- [WORK TO COMPLETE]
Write out each record exactly as given, but do not include the pictures.

- [MATERIALS PROVIDED]
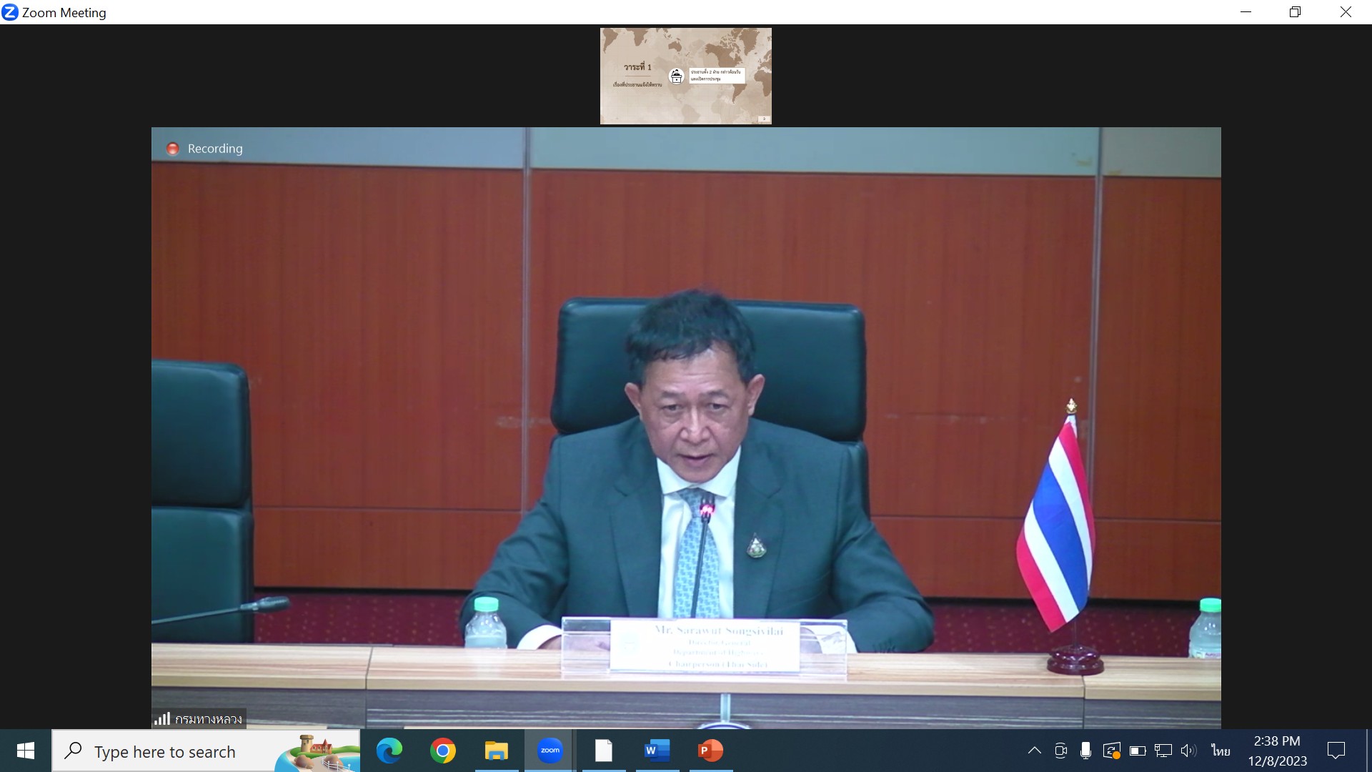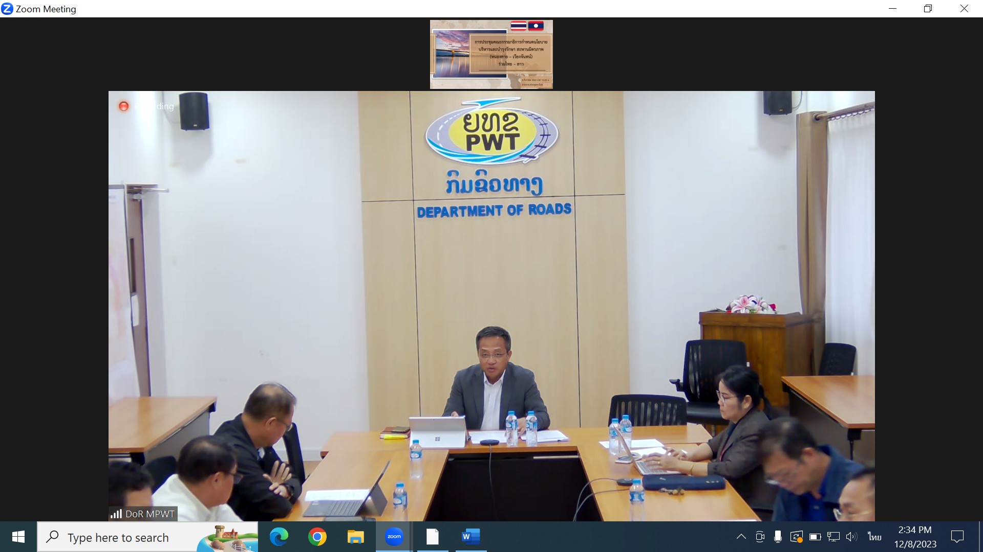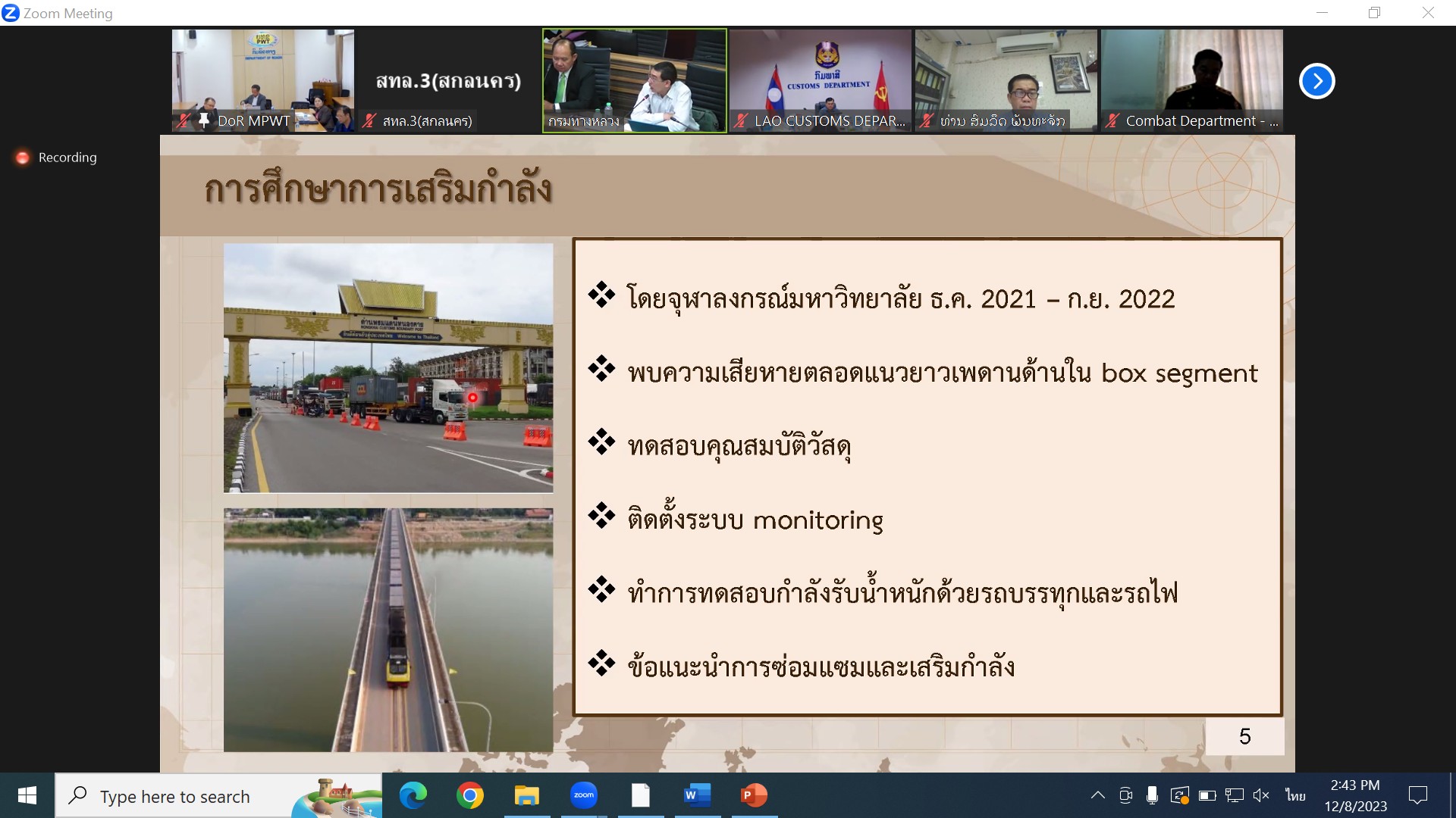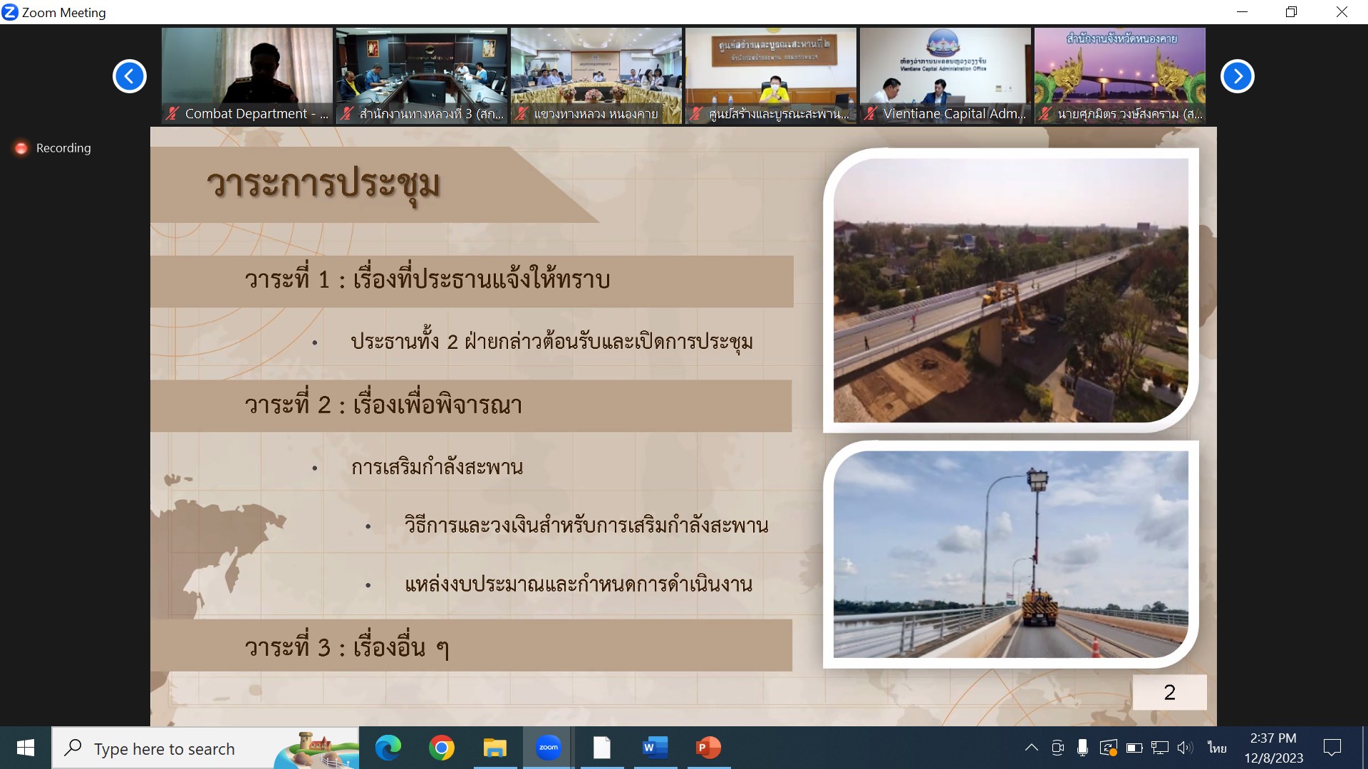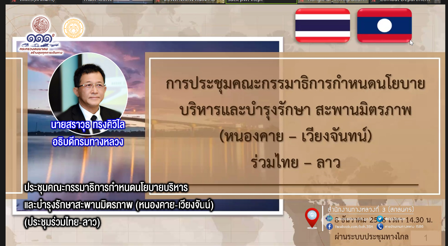 เวลา 14.00 น. นายประวัติ เสวตวงษ์ รองผู้อำนวยการสำนักงานทางหลวงที่ 3 พร้อมด้วยวิศวกรโยธา นายช่างโยธา ส่วนแผนงาน ร่วมประชุมคณะกรรมาธิการกำหนดนโยบายบริหารและบำรุงรักษาสะพานมิตรภาพ (หนองคาย-เวียงจันน์) (ประชุมร่วมไทย-ลาว) ผ่านระบบออนไลน์ ZOOM ณ ห้องประชุมทวีพัฒน์ ตินะมาส ชั้น 3 อาคารหลังใหม่
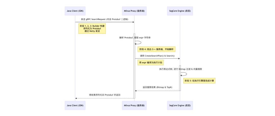 +、.concat() 或者 StringBuilder 在这里搞事情。filter 字符串,原封不动地被存了起来,秋毫无犯。Java SDK 真正干活的地方,是调用 MilvusServiceGrpc.search() 方法。在把我们的 SearchReq 对象转换成 gRPC 能认的 SearchRequest 时,代码是这样的:
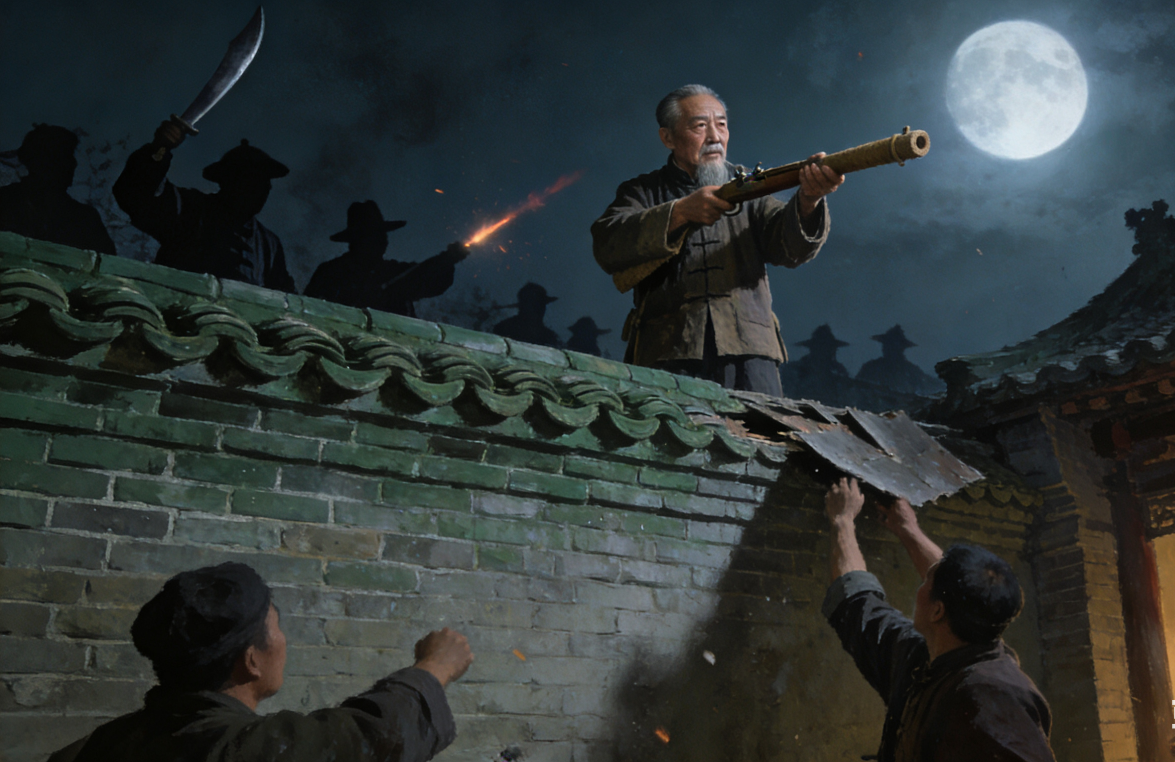 一時(shí)間,槍聲“砰砰”響個(gè)不停,大人的吆喝聲、馬匹的嘶鳴聲混在一處,嚇得奶奶躲在屋中不敢出去。曾祖站在院子中央,眉頭擰成了疙瘩,嘴里不停地喊:“守住墻頭!別讓他們進(jìn)來(lái)!”
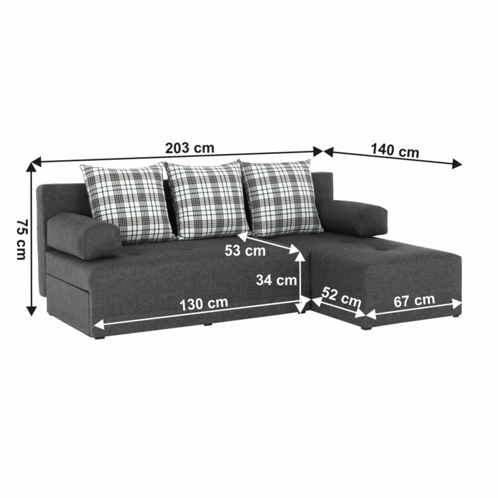 Rozmery: ŠxHxV: 203x140x75 cm, plocha na spanie: ŠxD: 127x203 cm
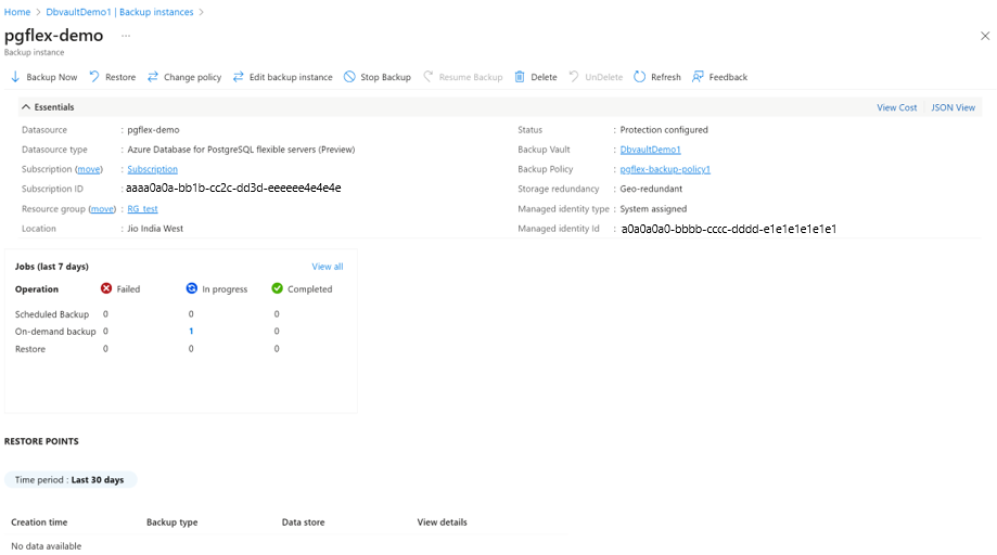 转到 “备份实例 ”窗格。 它会显示“作业”仪表板,其中包含过去七天的操作和状态。
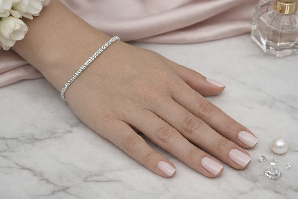 Bransoletka doskonale dopasowuje się do nadgarstka, jest wygodna w noszeniu i efektownie odbija światło, podkreślając Twój styl – zarówno w codziennych, jak i eleganckich stylizacjach. Dodatkowo została wyposażona w praktyczną przedłużkę, która umożliwia idealne dopasowanie długości do nadgarstka.
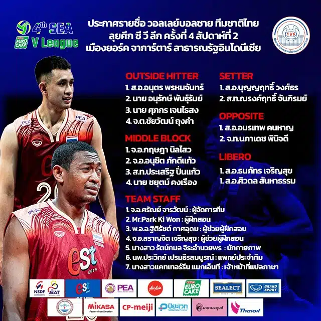 เผย 14 รายชื่อ นักวอลเลย์บอลชายทีมชาติไทย ลุย ซี วี.ลีก 2024 (Sea V.League 2024) สัปดาห์ที่ 2 ที่ประเทศอินโดนีเซีย
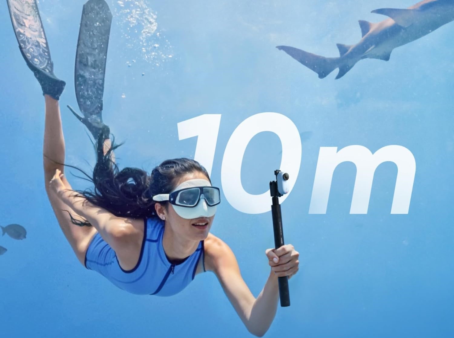 Jest wodoszczelna do 10 m (IPX8), a Action Pod ma ochronę IPX4. Z dedykowaną obudową nurkową możesz zanurzać ją nawet do 60 m.
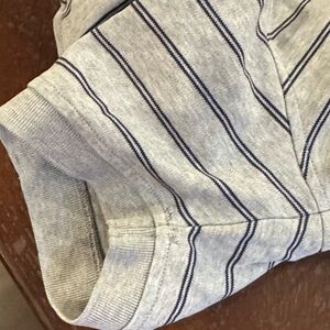 Classic gray polo with navy stripes. Features a comfortable fit. Ideal for casual outings.
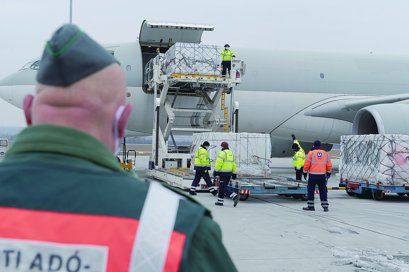 2月16日,在匈牙利首都布达佩斯,机场工作人员卸载中国出口匈牙利的首批新冠疫苗。 新华社发(弗尔季·奥蒂洛 摄)

- [YOUR RESPONSE]
 เวลา 14.00 น. นายประวัติ เสวตวงษ์ รองผู้อำนวยการสำนักงานทางหลวงที่ 3 พร้อมด้วยวิศวกรโยธา นายช่างโยธา ส่วนแผนงาน ร่วมประชุมคณะกรรมาธิการกำหนดนโยบายบริหารและบำรุงรักษาสะพานมิตรภาพ (หนองคาย-เวียงจันน์) (ประชุมร่วมไทย-ลาว) ผ่านระบบออนไลน์ ZOOM ณ ห้องประชุมทวีพัฒน์ ตินะมาส ชั้น 3 อาคารหลังใหม่
 +、.concat() 或者 StringBuilder 在这里搞事情。filter 字符串,原封不动地被存了起来,秋毫无犯。Java SDK 真正干活的地方,是调用 MilvusServiceGrpc.search() 方法。在把我们的 SearchReq 对象转换成 gRPC 能认的 SearchRequest 时,代码是这样的:
 一時(shí)間,槍聲“砰砰”響個(gè)不停,大人的吆喝聲、馬匹的嘶鳴聲混在一處,嚇得奶奶躲在屋中不敢出去。曾祖站在院子中央,眉頭擰成了疙瘩,嘴里不停地喊:“守住墻頭!別讓他們進(jìn)來(lái)!”
 Rozmery: ŠxHxV: 203x140x75 cm, plocha na spanie: ŠxD: 127x203 cm
 转到 “备份实例 ”窗格。 它会显示“作业”仪表板,其中包含过去七天的操作和状态。
 Bransoletka doskonale dopasowuje się do nadgarstka, jest wygodna w noszeniu i efektownie odbija światło, podkreślając Twój styl – zarówno w codziennych, jak i eleganckich stylizacjach. Dodatkowo została wyposażona w praktyczną przedłużkę, która umożliwia idealne dopasowanie długości do nadgarstka.
 เผย 14 รายชื่อ นักวอลเลย์บอลชายทีมชาติไทย ลุย ซี วี.ลีก 2024 (Sea V.League 2024) สัปดาห์ที่ 2 ที่ประเทศอินโดนีเซีย
 Jest wodoszczelna do 10 m (IPX8), a Action Pod ma ochronę IPX4. Z dedykowaną obudową nurkową możesz zanurzać ją nawet do 60 m.
 Classic gray polo with navy stripes. Features a comfortable fit. Ideal for casual outings.
 2月16日,在匈牙利首都布达佩斯,机场工作人员卸载中国出口匈牙利的首批新冠疫苗。 新华社发(弗尔季·奥蒂洛 摄)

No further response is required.